= Taxonomic database =

Database created to hold information related to biological taxa

A taxonomic database is a database created to hold information on biological taxa – for example groups of organisms organized by species name or other taxonomic identifier – for efficient data management and information retrieval. Taxonomic databases are routinely used for the automated construction of biological checklists such as floras and faunas, both for print publication and online; to underpin the operation of web-based species information systems; as a part of biological collection management (for example in museums and herbaria); as well as providing, in some cases, the taxon management component of broader science or biology information systems. They are also a fundamental contribution to the discipline of biodiversity informatics.

== Goals ==
Taxonomic databases digitize scientific biodiversity data and provide access to taxonomic data for research. Taxonomic databases vary in breadth of the groups of taxa and geographical space they seek to include, for example: beetles in a defined region, mammals globally, or all described taxa in the tree of life. A taxonomic database may incorporate organism identifiers (scientific name, author, and – for zoological taxa – year of original publication), synonyms, taxonomic opinions, literature sources or citations, illustrations or photographs, and biological attributes for each taxon (such as geographic distribution, ecology, descriptive information, threatened or vulnerable status, etc.). Some databases, such as the Global Biodiversity Information Facility(GBIF) database and the Barcode of Life Data System, store the DNA barcode of a taxon if one exists (also called the Barcode Index Number (BIN) which may be assigned, for example, by the International Barcode of Life project (iBOL) or UNITE, a database for fungal DNA barcoding).

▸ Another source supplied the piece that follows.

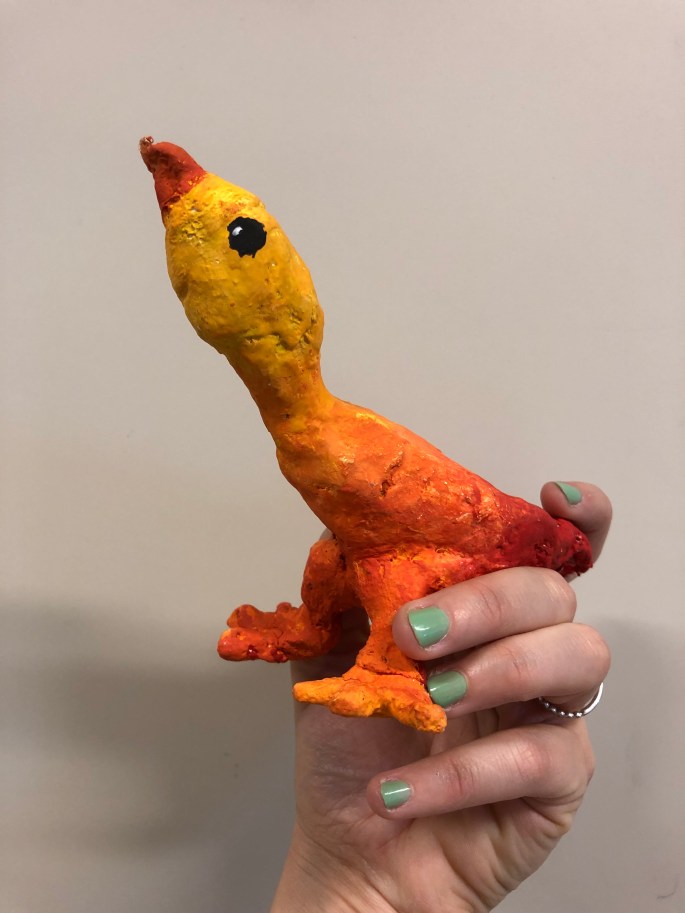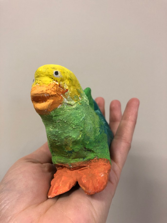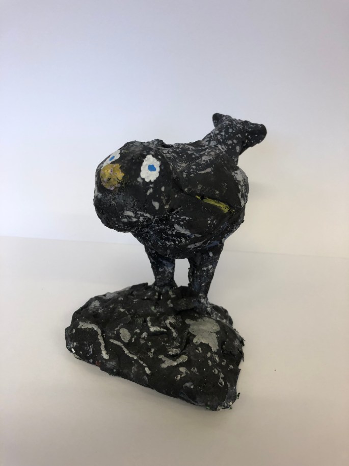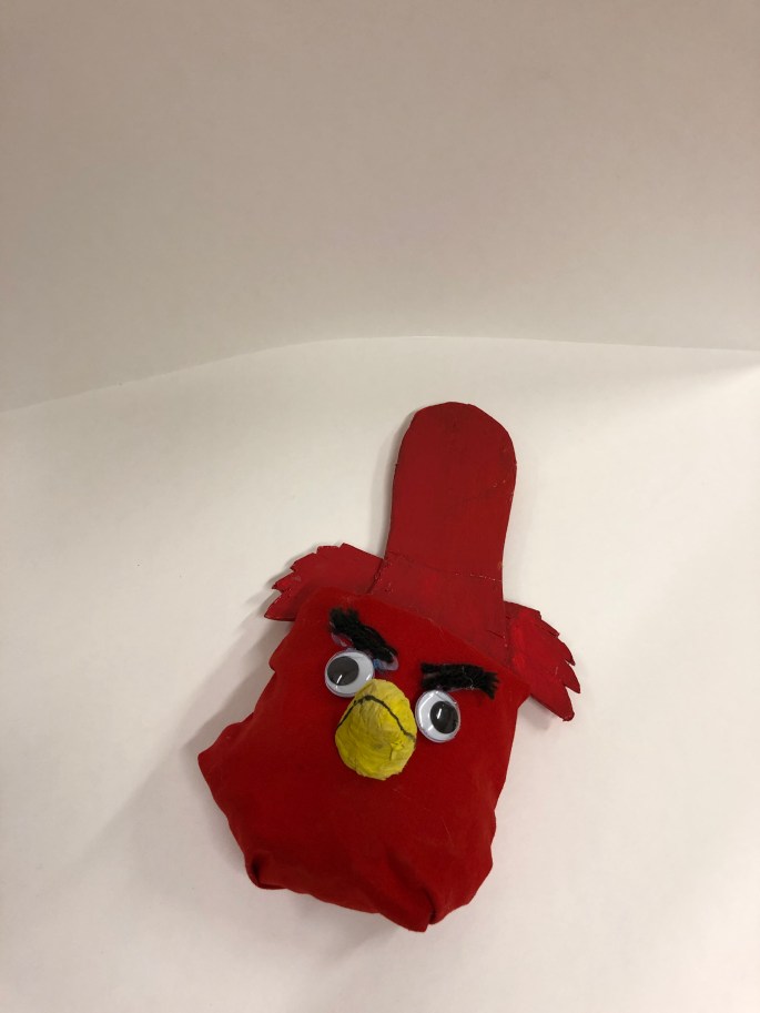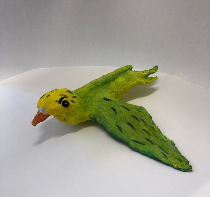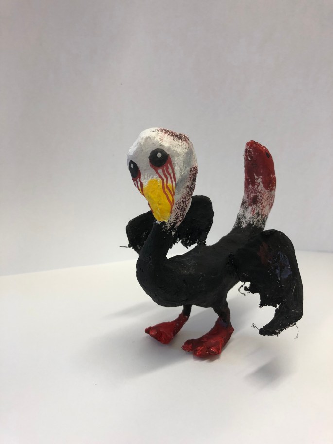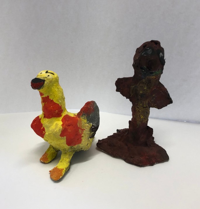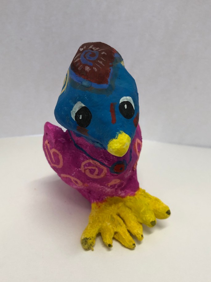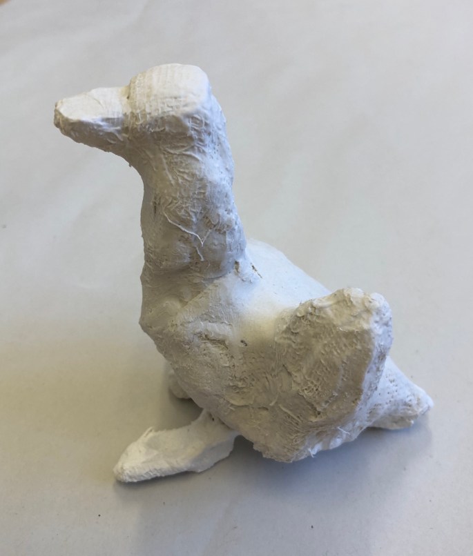 Vi har pratat om samt tittat på olika känslouttryck. Eleverna fick först skissa på fåglar med uttryck och gjorde sen en stomme av papper och tejp. Ovanpå det hamnar sen gipsbindorna innan det är dags för att måla.

A taxonomic database aims to accurately model the characteristics of interest that are relevant to the organisms which are in scope for the intended coverage and usage of the system. For example, databases of fungi, algae, bryophytes and vascular plants ("higher plants") encode conventions from the International Code of Botanical Nomenclature while their counterparts for animals and most protists encode equivalent rules from the International Code of Zoological Nomenclature. Modelling the relevant taxonomic hierarchy for any taxon is a natural fit with the relational model employed in almost all database systems. Scientific consensus is not reached for all taxon groups, and new species continue to be described; therefore, another goal of taxonomic databases is to aid in resolving conflicts of scientific opinion and unify taxonomy.

== History ==
Possibly the earliest documented management of taxonomic information in computerised form comprised the taxonomic coding system developed by Richard Swartz et al. at the Virginia Institute of Marine Science for the Biota of Chesapeake Bay and described in a published report in 1972. This work led directly or indirectly to other projects with greater profile including the NODC Taxonomic Code system which went through 8 versions before being discontinued in 1996, to be subsumed and transformed into the still current Integrated Taxonomic Information System (ITIS). A number of other taxonomic databases specializing in particular groups of organisms that appeared in the 1970s through to the present jointly contribute to the Species 2000 project, which since 2001 has been partnering with ITIS to produce a combined product, the Catalogue of Life. While the Catalogue of Life currently concentrates on assembling basic name information as a global species checklist, numerous other taxonomic database projects such as Fauna Europaea, the Australian Faunal Directory, and more supply rich ancillary information including descriptions, illustrations, maps, and more. Many taxonomic database projects are currently listed at the TDWG "Biodiversity Information Projects of the World" site.

=== Nomenclators ===
Before taxonomic databases, several nomenclators were created to list the names of genera and sometimes species together with the origins (sources) of these names. Sometimes they also include additional information, such as the distribution.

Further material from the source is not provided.